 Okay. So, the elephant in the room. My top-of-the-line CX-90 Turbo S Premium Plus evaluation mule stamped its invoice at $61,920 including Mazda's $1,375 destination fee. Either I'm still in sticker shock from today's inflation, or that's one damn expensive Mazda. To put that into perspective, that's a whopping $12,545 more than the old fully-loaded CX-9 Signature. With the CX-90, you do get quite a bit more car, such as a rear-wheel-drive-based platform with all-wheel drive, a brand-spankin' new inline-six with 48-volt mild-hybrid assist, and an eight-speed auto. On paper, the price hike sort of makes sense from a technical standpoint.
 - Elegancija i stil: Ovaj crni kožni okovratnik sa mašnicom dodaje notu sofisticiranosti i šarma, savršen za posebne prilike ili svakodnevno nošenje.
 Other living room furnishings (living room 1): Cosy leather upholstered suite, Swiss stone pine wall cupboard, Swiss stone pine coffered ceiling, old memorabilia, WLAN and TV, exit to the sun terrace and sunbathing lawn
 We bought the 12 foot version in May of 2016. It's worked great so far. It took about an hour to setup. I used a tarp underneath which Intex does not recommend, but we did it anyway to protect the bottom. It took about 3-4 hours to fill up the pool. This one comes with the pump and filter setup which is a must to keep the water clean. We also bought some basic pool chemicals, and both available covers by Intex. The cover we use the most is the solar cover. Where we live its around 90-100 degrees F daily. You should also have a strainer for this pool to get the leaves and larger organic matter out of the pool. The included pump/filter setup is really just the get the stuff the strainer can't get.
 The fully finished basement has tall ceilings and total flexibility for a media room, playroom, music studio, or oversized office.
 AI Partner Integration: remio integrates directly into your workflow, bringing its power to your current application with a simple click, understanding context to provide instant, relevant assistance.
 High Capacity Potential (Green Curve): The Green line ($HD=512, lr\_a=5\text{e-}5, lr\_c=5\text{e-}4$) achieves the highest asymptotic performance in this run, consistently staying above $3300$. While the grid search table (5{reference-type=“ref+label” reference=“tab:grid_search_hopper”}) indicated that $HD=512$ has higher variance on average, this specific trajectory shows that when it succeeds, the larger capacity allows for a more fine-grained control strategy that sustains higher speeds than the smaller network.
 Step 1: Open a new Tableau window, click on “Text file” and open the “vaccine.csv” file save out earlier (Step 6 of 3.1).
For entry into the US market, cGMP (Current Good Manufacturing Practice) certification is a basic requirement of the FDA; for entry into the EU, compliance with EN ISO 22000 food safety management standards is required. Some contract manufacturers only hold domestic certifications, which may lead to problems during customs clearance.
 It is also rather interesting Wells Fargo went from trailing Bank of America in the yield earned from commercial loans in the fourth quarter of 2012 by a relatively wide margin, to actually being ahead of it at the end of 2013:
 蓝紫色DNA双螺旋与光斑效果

→ **Task instructions**:
Determine the number of lines in the data that include the word "click", and provide that number without comment.

→ **Result**:
2